Cuando me acerco a Naruto, solo le pido que nos vayamos.

Subimos en el auto y partimos.

—Todavía no puedo creer que mi padre nos metiera en semejante lío —digo por fin—. Sin avisarnos siquiera.

—¿De veras?

Me saco los zapatos, pongo los pies en el asiento y apoyo la barbilla en las rodillas mientras sigo contemplando la carretera.

—Todo el mundo admiraba a mi padre, ¿sabes? Era tan guapo, eficiente, pulcro… Nos adoraba. Aunque no siempre lo demostrase, nos adoraba. Nos llamaba sus tres florecillas.

—Sus tres florecillas—repite Naruto, más seco que nunca—. Buen apodo para reemplazar la ausencia.

Le lanzo una mirada airada.

—No tienes una gran opinión de mi padre, ¿eh?

—Creo que aunque él no se lo pasó muy bien, no tenía derecho a dejarte el estropicio para que lo arreglases como pudieras. Creo que era un egoísta. Pero bueno, no lo conocí personalmente. —Pone el intermitente y cambia bruscamente de carril. Aferra el volante con fuerza, advierto de repente. Casi parece cabreado.

—Al menos, ahora sé un poco más de mí. —Me muerdo la uña del pulgar—. ¿Te había hablado del funeral?

—Una o dos veces —dice con una sonrisa irónica.

—Debo de haberte aburrido mortalmente con esa historia…

—En absoluto —Aparta una mano del volante y aprieta la mía un momento—. Un día, muy al principio, cuando sólo éramos amigos, salió el tema. La historia completa. Me contaste cómo había cambiado tu vida; que asumiste la deuda familiar, que al día siguiente pediste hora en un centro dental, que te pusiste a dieta estricta, que decidiste cambiar por completo. Luego fuiste a la televisión y la cosa se disparó. Subiste como la espuma en el trabajo, conociste a Toneri. Él parecía ideal. Solvente, rico, estable. En fin, todo lo que emitía la sombra de… —Enmudece.

—De mi padre.

—No soy psicólogo, pero eso creo.

Se hace un silencio. Observo un avión pequeño que va dejando en el cielo una doble estela blanca.

—¿Sabes?, cuando desperté después del accidente creía que había aterrizado en una vida de ensueño —digo lentamente—. Creía que era Cenicienta.
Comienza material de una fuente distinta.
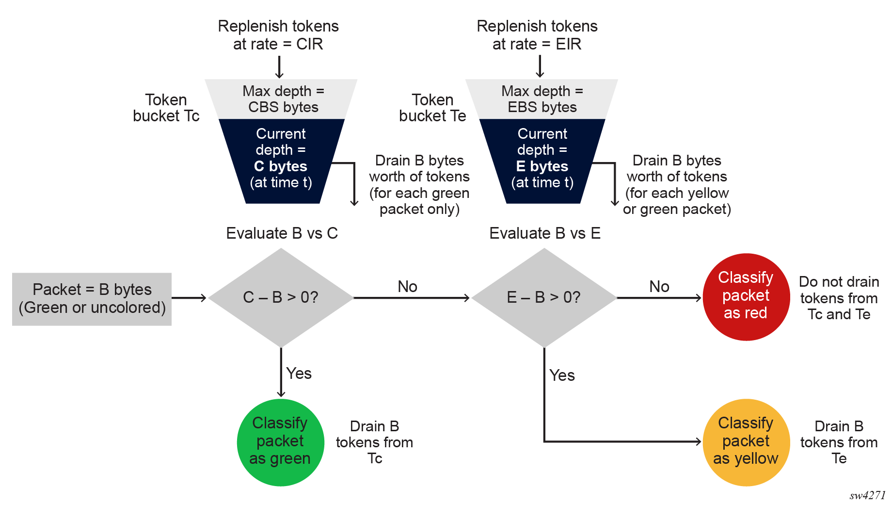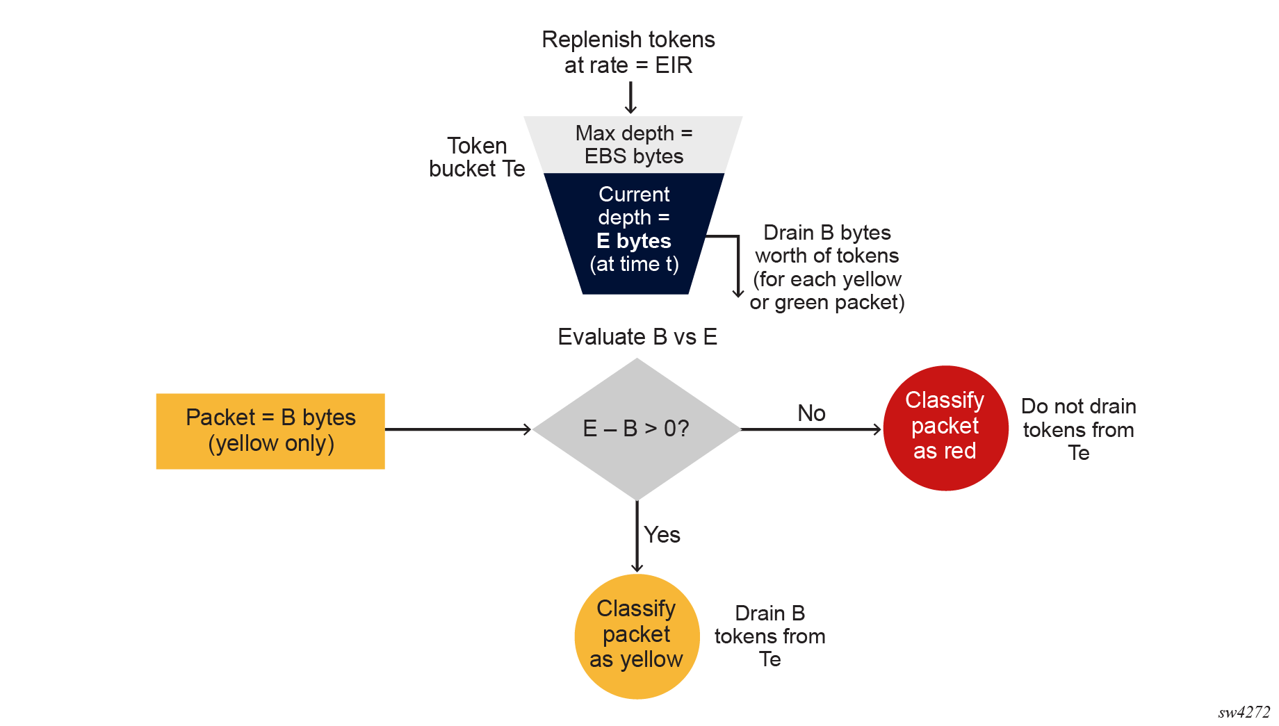 - If E – B > 0, the packet is yellow (exceeding), and B bytes are drained from Te.

Mejor que Cenicienta. Pensaba que era la chica más afortunada del mundo…

Él menea la cabeza.

—Vivías bajo una tensión permanente. Llegaste lejos demasiado deprisa y no sabías cómo manejar la situación. Cometiste algunos errores… —Duda un momento—. Te alejaste de tus amigas. Eso fue lo que más te costó.

—¡P-Pero no lo e-entiendo! —exclamo exasperada—. No entiendo el por qué de necesitar…yo no quise…y al final, me convertí en una bruja.

—Tampoco lo pretendías. Hinata-chan, date un respiro. Te viste propulsada a un alto cargo y tenías que controlar un departamento muy grande… Estabas confusa. Hiciste algunas cosas mal, te sentías atrapada, eso me decías. Te construiste esa imagen de dura.

—La Cobra —digo con una mueca. Aún no puedo creer que me pusieran ese mote.

—La Cobra —asiente él con una leve sonrisa—. Eso fue idea de los productores del programa. Tú no eras así. Aunque no dejaron de captar algo cierto. Cuando se trata de negocios, tú te pareces bastante a una cobra.

—¡D-De eso nada! —Levanto la vista, horrorizada.

—En el buen sentido. —Sonríe con aire travieso.

—¿Buen sentido? ¿Q-Qué buen sentido va a tener una cobra?

Seguimos avanzando un rato en silencio.

Finalmente, Naruto enciende la radio. Los Eagles cantan Hotel California, mientras nos deslizamos a toda velocidad con el sol destellando en el parabrisas, me siento como si estuviéramos en otro país. En otra vida.

—Una vez me dijiste que si pudieras retroceder y hacer las cosas de otro modo, lo harías. —Ahora habla en voz más baja—. En todos los aspectos. Contigo misma, en el trabajo, con Toneri… Todo se veía distinto para ti en cuanto desapareció el brillo de la novedad.

Siento una punzada repentina cuando menciona a Toneri. Naruto habla como si todo eso formara parte del pasado.

Pero no es así. Estoy casada. Y no me gusta lo que ha dado a entender.

—Escucha, yo no soy una cazafortunas cualquiera… —le espeto, indignada—. Debí de enamorarme de Toneri. No me habría casado con un tipo sólo por el brillo de su dinero.

—Al principio creíste que era la elección perfecta —asiente—. Es encantador, tiene todas las condiciones… De hecho, es como uno de esos sistemas inteligentes de nuestros loft, lo pones en modo «marido encantador» y listo.

—B-Basta. —Digo, intentando no sonreír.

—Es un modelo de última generación. Tiene una gama enorme de posibilidades, pantalla táctil…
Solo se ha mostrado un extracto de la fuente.